# Help: Kubota L3200 rear lift quit working



## Medina Tractor Guy (Oct 29, 2018)

I have a 2014 L3200. The rear lift quit working all of a sudden. The front loader works just fine but the rear lift does not work. I looked for a safety switch be could not find anything wrong. Has anyone had this problem and how did you fix it?

Thank you


----------



## RC Wells (Dec 26, 2008)

Check the hydraulic adjustment valve with the round handle under the front of the seat. They get bumped from climbing on and off the tractor.


----------



## Medina Tractor Guy (Oct 29, 2018)

I played with that and no luck


----------



## Razorback (Oct 29, 2018)

Medina Tractor Guy said:


> I played with that and no luck


I’m
Having the same issue .. was trying to put the brush hog on and one side will raise but the other side won’t


----------



## Razorback (Oct 29, 2018)

I cannot get one side of the hydraulics to raise when trying to put my brush hog on my kabota


----------



## rhino (Jan 9, 2017)

Tractor Guy, standing behind the tractor on the left side of hitch arm rock shaft. There should be a rod pinned to it. If it is check to see if the other end of it is connected.
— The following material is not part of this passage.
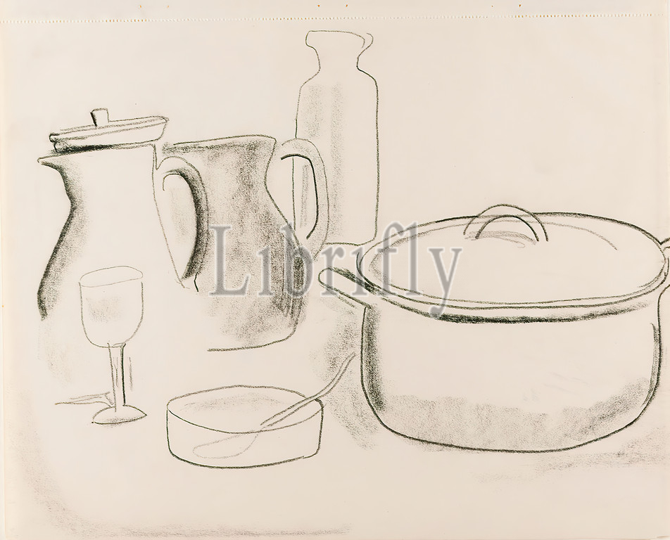 Gustav Heinrich Wolff, life, pot, jugs, drawing paper, drawing charcoal, drawing, charcoal, drawing paper, incl, perforated rim, unmarked, sketches, drawing, graphics, free graphics, drawing, graphics, life, life, various objects, food, drink, classic modernism, life, pot, lid, two jugs, jugs, bottle, bowl, spoon, wine glass, Single sheet, Bl, November 1929

If they both are connected, there are two jam nuts on the end of the rod toward you. These are for adjustment if they are loose the thinks the arms are already raised and nothing happens. Same effect if rod is not connected.
Razorback, There is only one hydraulic piston that raises the hitch arms. If you have only one side raising, they ether one of the splines are gone or your rock shaft is broken.


----------